GOAL OF THE EXERCISE
The lines below starting at the line containing "在制造 LCD 顯示器(包括觸摸屏)時(shí),屏幕的前玻璃層疊在" and ending at the line containing "In any event, the" are to be repeated exactly, with both ends kept and nothing else added.

RECORD EXTRACTS
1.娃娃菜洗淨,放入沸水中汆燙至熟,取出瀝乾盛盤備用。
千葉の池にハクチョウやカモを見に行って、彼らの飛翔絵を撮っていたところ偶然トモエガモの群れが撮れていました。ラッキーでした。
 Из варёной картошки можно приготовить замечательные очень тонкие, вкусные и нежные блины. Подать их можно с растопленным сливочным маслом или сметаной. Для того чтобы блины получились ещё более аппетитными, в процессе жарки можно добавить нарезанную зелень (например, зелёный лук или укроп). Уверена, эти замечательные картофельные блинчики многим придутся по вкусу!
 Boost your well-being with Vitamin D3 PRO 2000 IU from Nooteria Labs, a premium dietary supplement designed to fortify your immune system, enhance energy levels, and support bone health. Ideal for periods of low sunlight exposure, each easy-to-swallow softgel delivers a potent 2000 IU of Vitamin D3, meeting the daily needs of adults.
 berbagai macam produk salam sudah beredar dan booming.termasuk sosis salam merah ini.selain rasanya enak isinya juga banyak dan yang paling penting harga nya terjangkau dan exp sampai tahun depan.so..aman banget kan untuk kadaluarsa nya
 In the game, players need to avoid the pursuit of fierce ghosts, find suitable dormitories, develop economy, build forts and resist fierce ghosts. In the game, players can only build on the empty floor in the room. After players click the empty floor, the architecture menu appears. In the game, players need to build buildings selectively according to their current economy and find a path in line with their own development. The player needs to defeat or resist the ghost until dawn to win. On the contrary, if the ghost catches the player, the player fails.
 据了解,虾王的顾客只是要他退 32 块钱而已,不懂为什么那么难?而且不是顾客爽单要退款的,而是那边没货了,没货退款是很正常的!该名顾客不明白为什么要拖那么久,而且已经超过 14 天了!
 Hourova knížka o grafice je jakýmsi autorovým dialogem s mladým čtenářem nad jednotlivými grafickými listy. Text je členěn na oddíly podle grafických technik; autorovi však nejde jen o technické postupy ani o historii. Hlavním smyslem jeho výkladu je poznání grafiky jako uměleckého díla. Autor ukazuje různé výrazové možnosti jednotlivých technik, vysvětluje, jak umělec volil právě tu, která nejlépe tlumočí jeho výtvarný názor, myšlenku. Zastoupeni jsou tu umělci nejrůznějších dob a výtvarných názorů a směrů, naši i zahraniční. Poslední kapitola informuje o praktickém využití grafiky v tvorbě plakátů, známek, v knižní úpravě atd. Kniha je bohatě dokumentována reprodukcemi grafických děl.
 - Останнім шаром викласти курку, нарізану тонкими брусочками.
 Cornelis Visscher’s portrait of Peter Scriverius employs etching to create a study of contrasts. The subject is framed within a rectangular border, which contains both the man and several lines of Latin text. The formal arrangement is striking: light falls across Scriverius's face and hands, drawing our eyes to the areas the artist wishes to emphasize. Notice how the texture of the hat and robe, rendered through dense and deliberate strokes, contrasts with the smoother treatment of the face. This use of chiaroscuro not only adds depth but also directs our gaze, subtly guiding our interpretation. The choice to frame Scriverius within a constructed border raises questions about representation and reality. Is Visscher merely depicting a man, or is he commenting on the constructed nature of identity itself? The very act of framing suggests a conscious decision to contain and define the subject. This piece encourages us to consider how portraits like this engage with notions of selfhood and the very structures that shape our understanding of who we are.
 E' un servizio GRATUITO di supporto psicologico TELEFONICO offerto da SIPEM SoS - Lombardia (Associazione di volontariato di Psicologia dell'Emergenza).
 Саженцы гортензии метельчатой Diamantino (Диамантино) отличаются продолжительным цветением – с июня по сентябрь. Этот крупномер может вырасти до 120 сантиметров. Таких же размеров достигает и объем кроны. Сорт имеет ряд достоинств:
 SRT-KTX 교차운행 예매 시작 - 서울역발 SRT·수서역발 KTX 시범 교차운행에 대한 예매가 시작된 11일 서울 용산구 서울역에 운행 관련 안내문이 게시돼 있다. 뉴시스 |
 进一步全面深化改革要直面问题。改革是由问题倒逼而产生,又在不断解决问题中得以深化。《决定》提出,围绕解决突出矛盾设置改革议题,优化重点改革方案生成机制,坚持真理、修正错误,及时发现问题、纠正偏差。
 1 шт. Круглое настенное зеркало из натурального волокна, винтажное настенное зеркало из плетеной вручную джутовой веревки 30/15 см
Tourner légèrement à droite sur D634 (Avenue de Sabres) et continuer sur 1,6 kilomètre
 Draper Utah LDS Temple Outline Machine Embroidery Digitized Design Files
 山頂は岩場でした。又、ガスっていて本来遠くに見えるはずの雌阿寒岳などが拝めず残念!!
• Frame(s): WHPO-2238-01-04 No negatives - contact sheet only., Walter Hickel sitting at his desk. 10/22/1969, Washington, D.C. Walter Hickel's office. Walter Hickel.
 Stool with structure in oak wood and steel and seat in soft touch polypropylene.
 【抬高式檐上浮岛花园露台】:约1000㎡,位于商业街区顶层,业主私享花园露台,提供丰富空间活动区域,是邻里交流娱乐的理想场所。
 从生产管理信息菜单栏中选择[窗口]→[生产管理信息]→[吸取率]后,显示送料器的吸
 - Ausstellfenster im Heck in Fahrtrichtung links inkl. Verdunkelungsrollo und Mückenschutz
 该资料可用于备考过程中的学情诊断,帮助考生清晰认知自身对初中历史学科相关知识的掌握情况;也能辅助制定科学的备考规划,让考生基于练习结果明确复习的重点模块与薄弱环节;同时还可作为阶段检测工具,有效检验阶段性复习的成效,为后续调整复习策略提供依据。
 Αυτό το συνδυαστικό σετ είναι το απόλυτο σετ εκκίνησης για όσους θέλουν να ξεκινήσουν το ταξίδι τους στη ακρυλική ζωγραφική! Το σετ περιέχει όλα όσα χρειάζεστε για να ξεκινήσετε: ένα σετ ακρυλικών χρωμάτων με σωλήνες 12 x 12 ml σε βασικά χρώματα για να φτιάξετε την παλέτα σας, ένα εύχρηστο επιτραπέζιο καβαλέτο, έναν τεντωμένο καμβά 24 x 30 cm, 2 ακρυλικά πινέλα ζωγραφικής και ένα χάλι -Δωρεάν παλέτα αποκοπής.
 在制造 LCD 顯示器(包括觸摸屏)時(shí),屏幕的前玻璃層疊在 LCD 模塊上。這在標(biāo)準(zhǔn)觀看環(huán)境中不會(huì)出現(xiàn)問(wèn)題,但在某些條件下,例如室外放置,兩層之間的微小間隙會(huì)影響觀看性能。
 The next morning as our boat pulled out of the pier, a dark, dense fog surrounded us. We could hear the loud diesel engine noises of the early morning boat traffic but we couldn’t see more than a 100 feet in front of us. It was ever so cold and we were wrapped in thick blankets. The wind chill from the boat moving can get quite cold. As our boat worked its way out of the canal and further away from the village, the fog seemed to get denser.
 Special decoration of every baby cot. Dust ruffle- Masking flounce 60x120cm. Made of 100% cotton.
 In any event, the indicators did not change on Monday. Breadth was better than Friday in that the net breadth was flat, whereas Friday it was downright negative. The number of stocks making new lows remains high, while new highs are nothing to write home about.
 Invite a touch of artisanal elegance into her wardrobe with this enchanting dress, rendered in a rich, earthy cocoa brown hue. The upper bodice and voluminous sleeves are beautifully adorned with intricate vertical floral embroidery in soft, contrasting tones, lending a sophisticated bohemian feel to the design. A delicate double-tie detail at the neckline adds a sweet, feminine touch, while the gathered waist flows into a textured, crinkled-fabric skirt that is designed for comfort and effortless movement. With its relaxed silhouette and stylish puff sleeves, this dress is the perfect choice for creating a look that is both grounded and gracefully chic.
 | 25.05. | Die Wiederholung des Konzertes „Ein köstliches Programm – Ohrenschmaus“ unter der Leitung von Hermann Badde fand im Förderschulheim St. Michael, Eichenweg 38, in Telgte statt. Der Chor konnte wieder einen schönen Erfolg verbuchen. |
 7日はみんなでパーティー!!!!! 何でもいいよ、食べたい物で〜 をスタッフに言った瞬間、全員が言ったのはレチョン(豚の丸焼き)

SOLUTION
 在制造 LCD 顯示器(包括觸摸屏)時(shí),屏幕的前玻璃層疊在 LCD 模塊上。這在標(biāo)準(zhǔn)觀看環(huán)境中不會(huì)出現(xiàn)問(wèn)題,但在某些條件下,例如室外放置,兩層之間的微小間隙會(huì)影響觀看性能。
 The next morning as our boat pulled out of the pier, a dark, dense fog surrounded us. We could hear the loud diesel engine noises of the early morning boat traffic but we couldn’t see more than a 100 feet in front of us. It was ever so cold and we were wrapped in thick blankets. The wind chill from the boat moving can get quite cold. As our boat worked its way out of the canal and further away from the village, the fog seemed to get denser.
 Special decoration of every baby cot. Dust ruffle- Masking flounce 60x120cm. Made of 100% cotton.
 In any event, the indicators did not change on Monday. Breadth was better than Friday in that the net breadth was flat, whereas Friday it was downright negative. The number of stocks making new lows remains high, while new highs are nothing to write home about.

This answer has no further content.